◆ **EXERCISE MATERIAL**:

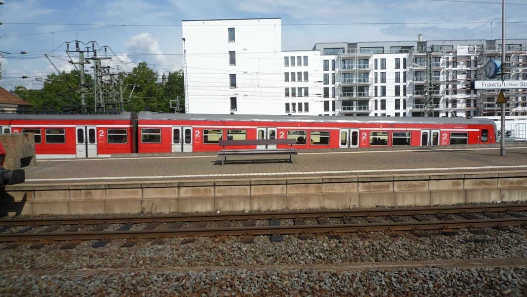 Die S-Bahn Gleise 1 bis 4 von Frankfurt Süd. Die Linien 5 und 6 enden hier, während die Linien 3 und 4 bis Darmstadt bzw. Langen weiterfahren. Daher befindet sich auch in westlicher Richtung eine größere Abstellfläche. Da die Linien 1 und 3 bis 6 komplett mit ET 423 gefahren werden, wird sich in Frankfurt Süd also so schnell kein ET 420 mehr verirren.
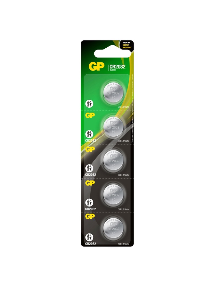 Батарейка литиевая GP, CR2032-5BL, 3 В, блистер, 5 шт.
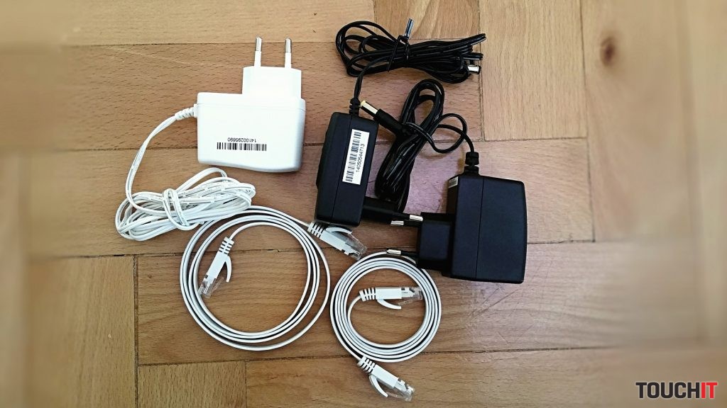 Samozrejmosťou, všetkých prvkov a zariadení v zostave, sú napájacie adaptéry a potrebné sieťové káble.
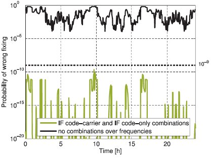 Carrier phase measurements are extremely accurate but ambiguous. The latter ambiguity arises from the periodicity of the carrier phase signal. This integer number of cycles between the satellite and receiver has to be estimated with measurements from multiple epochs and/ or code measurements. The reliability of ambiguity resolution was improved by the institute by more than 9 orders of magnitude with the help of new multi-frequency code carrier linear combinations.
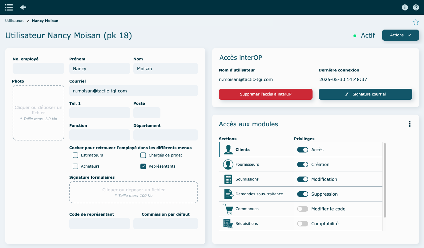 • Cliquez sur Créer l'accès à interOP. Un courriel s'ouvrira pour faire parvenir à l'utilisateur son mot de passe lors de sa première connexion.
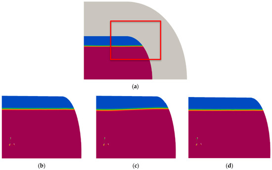 A mesh-convergence test was conducted to evaluate the influence of mesh resolution on phase change behavior. Figure 2 illustrates the configurations of the coarse, medium, and fine meshes used in this test, consisting of approximately 200,000, 400,000, and 600,000 grid points, respectively. A locally refined mesh was applied near the gas–liquid interface (free surface) in all cases to ensure numerical stability and accuracy in simulating phase change phenomena. The simulations were executed on a 70-core Intel® Xeon® Platinum 8558 CPU (4.0 GHz). The total computational time ranged from approximately 2 to 10 days, depending on the mesh resolution. The time step was dynamically adjusted during the computations to ensure the Courant number (Co) remained below 1. This approach secured numerical stability while enabling precise capture of the transient phase change
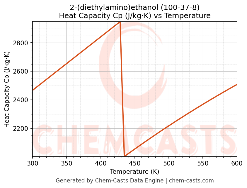- Specific heat capacity (Cp) indicates the amount of energy required to raise the temperature of 2-(diethylamino)ethanol and is critical for energy balance and heat-exchanger design.
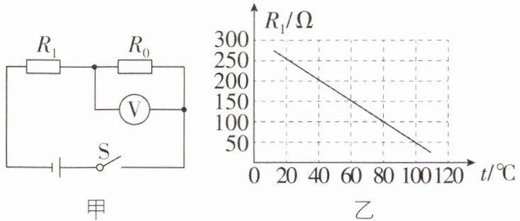 8[中]亮亮设计了一个用电压表的示数变化反映被测环境温度变化的电路,其电路原理图如图甲所示,电源电压不变,电压表的测量范围为0~3V,R₀是定值电阻$,R₀= 300Ω,R_1$是热敏电阻,其电阻随环境温度变化的关系如图乙所示。闭合开关S后,当环境温度为40℃时,电压表的示数为2.4V,求:
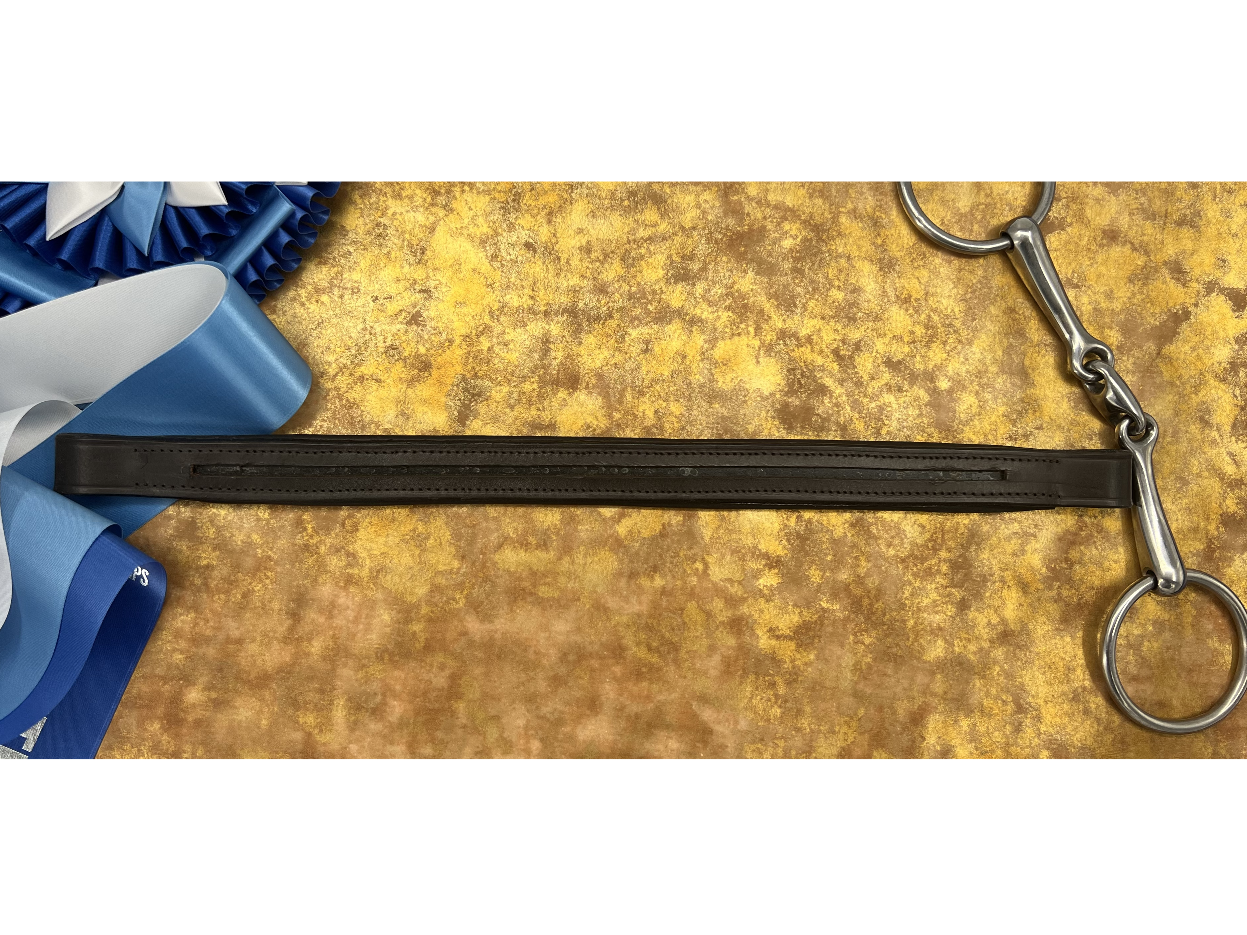 Delfina Saddlery's collection of extra-wide, browbands - including empty channel options! Our browbands are generously padded, hand stitched, and made to Delfina's high, exacting standards. They are easy to pass needles through for beading, and feature a plastic channel backing that is glue-friendly.
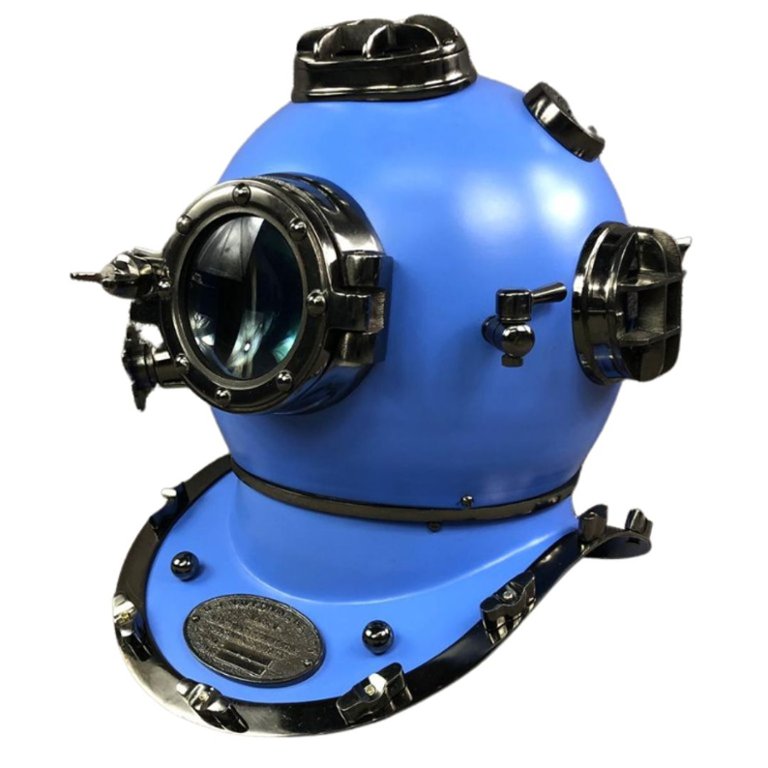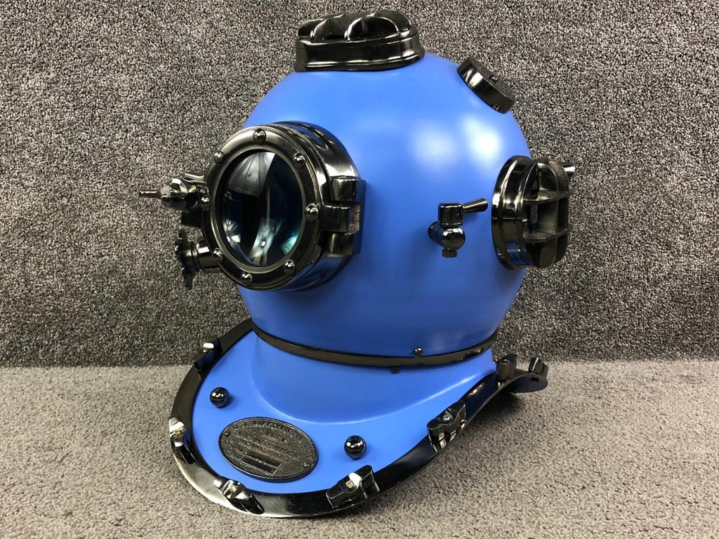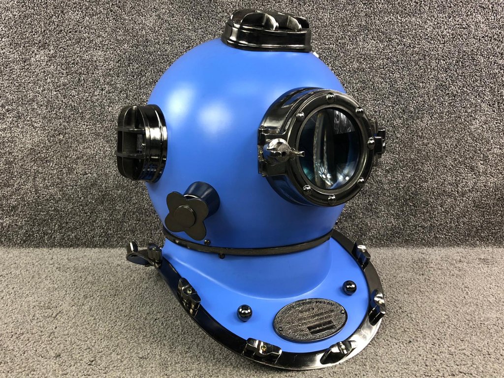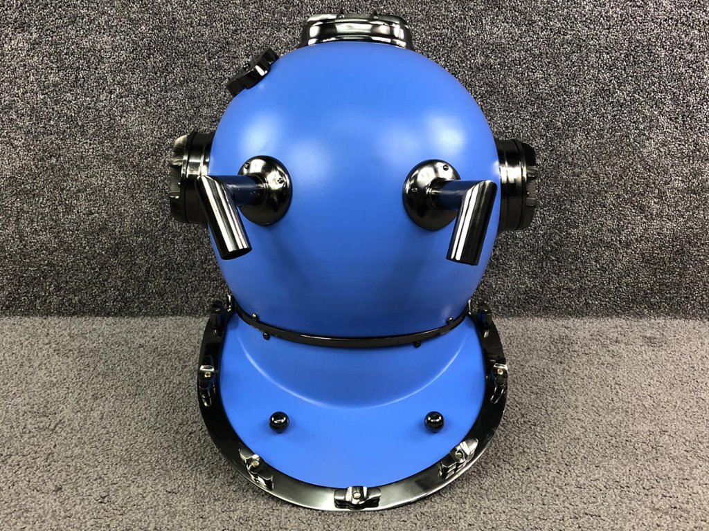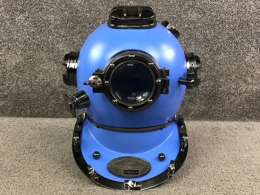 Crafted with meticulous attention to detail, the replica helmet faithfully recreates the iconic design of the US Navy diving apparatus. The vibrant blue hue, accented by gleaming chrome details, captures the spirit of adventure and exploration associated with deep-sea diving.
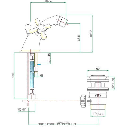 Смеситель для биде в ретро стиле, с гибкой подводкой и донным клапаном
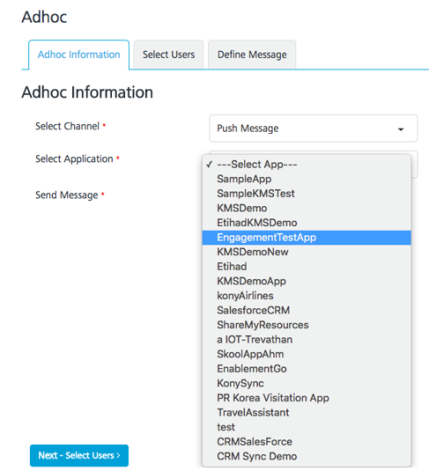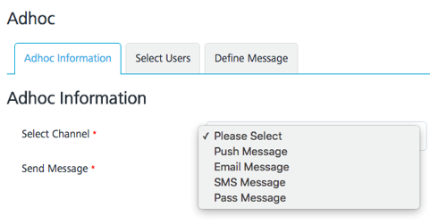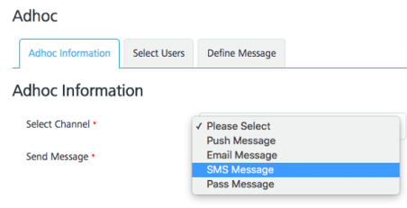 In the Adhoc section, select the SMS Message channel. Click Next –Select Users to navigate to the next screen.
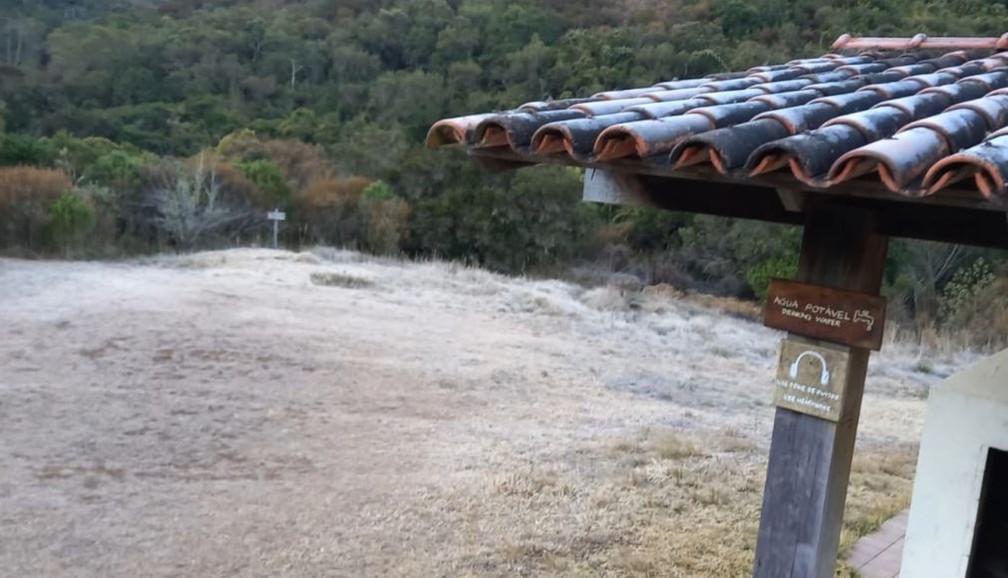 Na portaria do parque, no distrito de Pedra Menina, em Dores do Rio Preto, fazia 4ºC por volta das 6h40.
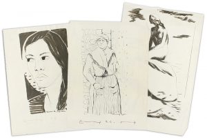 .1954-1955. ORIGINAL ARTÍSTICO: .HERNÁNDEZ PIJUAN: .TRES ORIGINALES. sobre papel en 4º y 4º mayor. Originales en tinta, dibujados en libreta, el margen izquierdo marcas de los dientes del papel. Todos firmados por el artista y fechados.
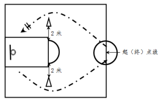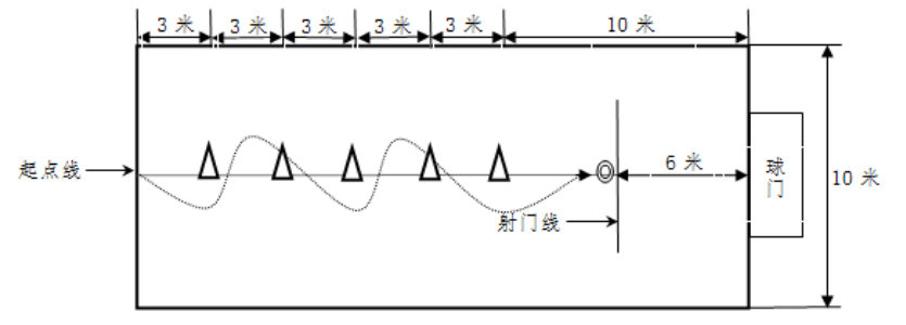 在长25米、宽10米的场地进行。起点线至第一根标志杆距离为3米,各标志杆间距3米,共放置5根高1.2米的标志杆,标志杆距两侧边线各5米,球门高2米、宽5米,射门线距球门线中点垂直距离为6米,起点线中点为出发点,点、杆在一条直线上(见图示)。

◆ **DESCRIPTION OF THE TASK**: Exactly the lines from the one with "In the Adhoc" through the end of the records are to be repeated, both ends included, and pictures are to be omitted.

◆ **OUTPUT OF THE EXERCISE**:
 In the Adhoc section, select the SMS Message channel. Click Next –Select Users to navigate to the next screen.
 Na portaria do parque, no distrito de Pedra Menina, em Dores do Rio Preto, fazia 4ºC por volta das 6h40.
 .1954-1955. ORIGINAL ARTÍSTICO: .HERNÁNDEZ PIJUAN: .TRES ORIGINALES. sobre papel en 4º y 4º mayor. Originales en tinta, dibujados en libreta, el margen izquierdo marcas de los dientes del papel. Todos firmados por el artista y fechados.
 在长25米、宽10米的场地进行。起点线至第一根标志杆距离为3米,各标志杆间距3米,共放置5根高1.2米的标志杆,标志杆距两侧边线各5米,球门高2米、宽5米,射门线距球门线中点垂直距离为6米,起点线中点为出发点,点、杆在一条直线上(见图示)。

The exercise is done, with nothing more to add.